AVAILABLE DATA Block Start

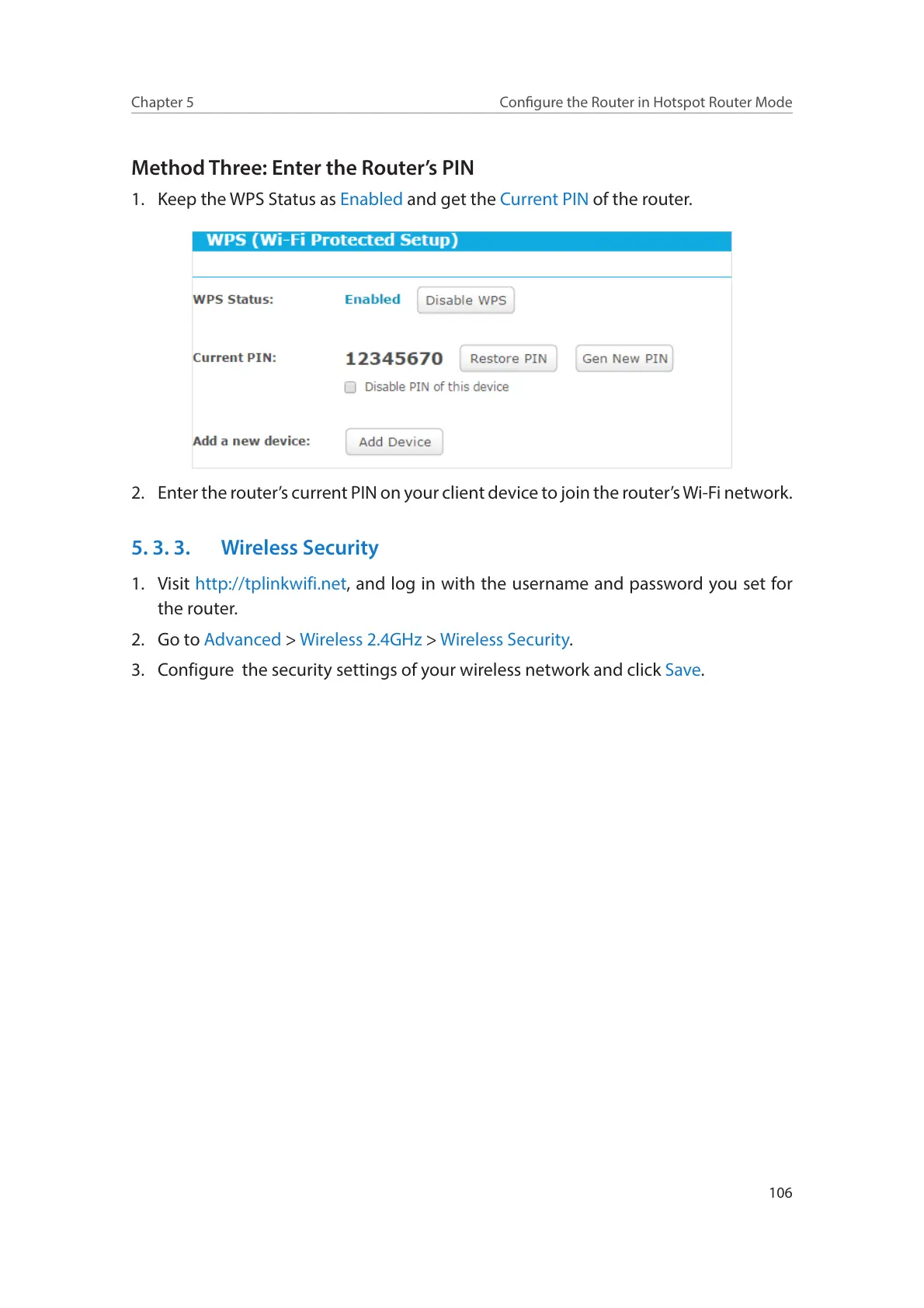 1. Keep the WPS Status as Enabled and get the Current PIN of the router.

AVAILABLE DATA Block End
AVAILABLE DATA Block Start

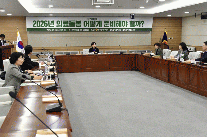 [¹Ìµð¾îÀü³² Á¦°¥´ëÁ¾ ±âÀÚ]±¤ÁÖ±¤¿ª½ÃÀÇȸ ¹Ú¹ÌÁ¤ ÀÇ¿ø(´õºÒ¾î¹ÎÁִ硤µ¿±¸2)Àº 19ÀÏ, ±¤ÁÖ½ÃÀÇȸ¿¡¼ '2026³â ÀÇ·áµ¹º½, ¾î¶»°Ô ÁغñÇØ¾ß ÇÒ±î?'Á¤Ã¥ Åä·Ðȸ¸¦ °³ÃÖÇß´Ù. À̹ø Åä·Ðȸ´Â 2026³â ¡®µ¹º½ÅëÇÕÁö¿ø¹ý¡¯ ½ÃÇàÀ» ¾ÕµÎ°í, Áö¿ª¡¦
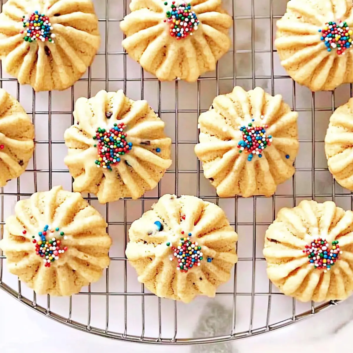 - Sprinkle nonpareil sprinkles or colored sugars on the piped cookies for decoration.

AVAILABLE DATA Block End
AVAILABLE DATA Block Start

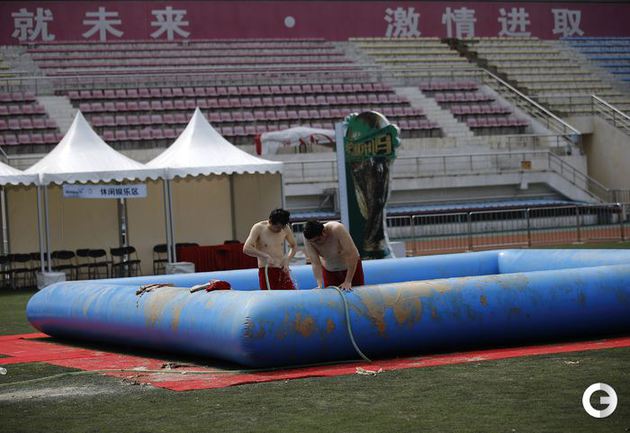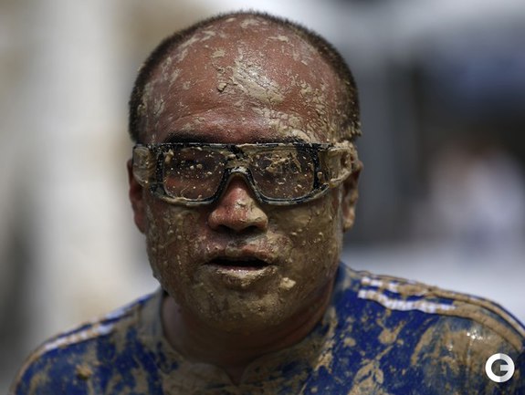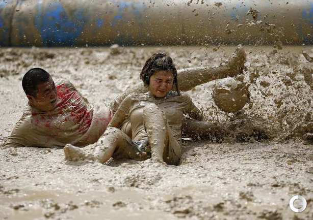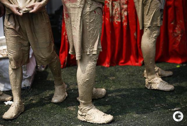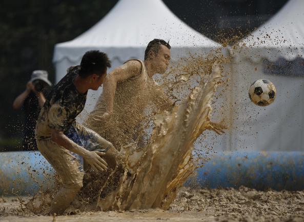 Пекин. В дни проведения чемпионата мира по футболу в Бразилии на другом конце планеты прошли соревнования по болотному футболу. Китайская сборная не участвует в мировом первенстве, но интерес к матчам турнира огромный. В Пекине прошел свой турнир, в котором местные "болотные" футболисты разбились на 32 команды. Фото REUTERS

AVAILABLE DATA Block End

TASK BRIEF –
With the pictures omitted, restate word for word the lines above from the line that has "[¹Ìµð¾îÀü³² Á¦°¥´ëÁ¾ ±âÀÚ]±¤ÁÖ±¤¿ª½ÃÀÇȸ" up to and including the line that has "- Sprinkle nonpareil", and no other lines.

SOLUTION TO THIS PROBLEM –
 [¹Ìµð¾îÀü³² Á¦°¥´ëÁ¾ ±âÀÚ]±¤ÁÖ±¤¿ª½ÃÀÇȸ ¹Ú¹ÌÁ¤ ÀÇ¿ø(´õºÒ¾î¹ÎÁִ硤µ¿±¸2)Àº 19ÀÏ, ±¤ÁÖ½ÃÀÇȸ¿¡¼ '2026³â ÀÇ·áµ¹º½, ¾î¶»°Ô ÁغñÇØ¾ß ÇÒ±î?'Á¤Ã¥ Åä·Ðȸ¸¦ °³ÃÖÇß´Ù. À̹ø Åä·Ðȸ´Â 2026³â ¡®µ¹º½ÅëÇÕÁö¿ø¹ý¡¯ ½ÃÇàÀ» ¾ÕµÎ°í, Áö¿ª¡¦
 - Sprinkle nonpareil sprinkles or colored sugars on the piped cookies for decoration.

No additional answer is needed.